Glencore Plc will buy a majority stake in Teck Resources Ltd.’s coal business, ending a months-long saga and setting the stage for the commodity giant to exit the coal business itself.
The two companies have spent much of the year in a bitter public fight after Teck rejected an unsolicited $23 billion offer from Glencore, which proposed creating two new metals- and coal-focused companies. The Glencore offer, while unsuccessful, was enough to disrupt an earlier plan by Teck to spin off its coal business.
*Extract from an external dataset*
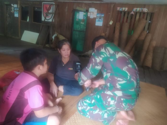 ACTUALNEWS.ID, Jakarta, Anggota Satgas Pamtas RI-Malaysia Yonif 144/JY menyosialisasikan protokol kesehatan dan melaksanakan pengobatan gratis di Desa Kapar Kecamatan Batang Lupar, Kabupaten Kapuas Hulu, Kalimantan Barat.

For Glencore and its relatively new chief executive officer, Gary Nagle, the deal represents a company defining moment that will pave the way for an exit from its hugely profitable but polluting thermal coal business and leave it focused on metals needed for the energy transition. Glencore intends to put the combined coal operations into a new company listed on the New York Stock Exchange within two years of the acquisition closing, Nagle said.
“I don’t think this is a second prize,” Nagle said on a conference call. “We’ve done very well acquiring an excellent asset.”
In the deal announced Tuesday, Glencore will pay $6.93 billion for a 77% stake in Teck’s business, while steelmakers Nippon Steel Corp. and Posco, which currently own minority stakes in Teck coal mines, will own the rest. Glencore said it also expects to pay $250 million to $300 million to acquire a shareholder loan made by Teck to the coal business. The Glencore deal, which requires Canadian government approval, implies an enterprise value of $9 billion for Teck’s coal business.
Glencore shares rose 3.1% by 10:38 a.m. in London, while Teck gained 5.1% in premarket trading in New York.
The fight over Teck has highlighted the challenges facing miners with large coal operations — the businesses are big profit drivers for both companies, but many investors are increasingly reluctant to hold exposure to the polluting fossil fuel.
Before the Teck proposal became public, Glencore had previously said it would continue running its mines until they were depleted, even as many of its rivals pulled out of the thermal coal business under pressure from investors. Assuming Glencore’s plans to split out the business proceed, its remaining operations — like Teck’s — will be focused on metals such as copper and zinc.
Glencore’s successful coal bid is an ironic end to the acrimonious saga, after Teck and its controlling shareholder, Norman Keevil, pointedly attacked the Swiss company’s track record in rejecting its takeover proposal earlier in the year. The deal will ensure “continued socially and environmentally responsible steelmaking coal operations and enhanced benefits for Canada,” the Canadian company said on Tuesday.
For Teck, the deal finally ends its struggle to find a solution for its mines that produce steelmaking coal after years of studying various options to separate it. The company had initially planned a complicated spin off that left it paying royalties to the remaining metals business, before Glencore disrupted the plan.
Nippon Steel, which currently owns 2.5% in some of Teck’s coal assets, will convert the ownership and put in additional cash to take a 20% stake in the business, while Posco will convert its ownership stake in Teck mines to a 3% holding in the business.
Teck, which will now have no exposure to the coal business, said it will use the proceeds to pay off debts, build new metal mines and return some to shareholders.
“We were able to achieve what we saw as the best value for this transaction as well as a clean separation,” said Teck CEO Jonathan Price. “The valuation for this transaction was clearly superior.”
The deal caps a difficult year for the Canadian miner. Alongside the bruising takeover battle with Glencore, it has also faced a cost blowout at its flagship new copper mine in Chile which was originally the main lure for Glencore. The company must now reassure shareholders that it can use the coal sale proceeds to build new copper mines on time and on budget.
The Glencore deal won’t require a vote by Teck’s shareholders, unlike the earlier spinoff plan that was abandoned after it failed to win enough support.
The separation of the coal business may also make Teck a target for some of the industry’s biggest names, who are keen to add more exposure to copper. Teck said Tuesday that Glencore had agreed to a two-year standstill from the time of closing, which would prevent it making a further unsolicited takeover bid.
The deal will need to be approved by the Canadian government, which has been increasingly focused on protecting the country’s natural resources. The fight over Glencore’s initial takeover offer drew the attention of federal and regional government officials.
(Updates with additional details. An earlier version corrected a company name.)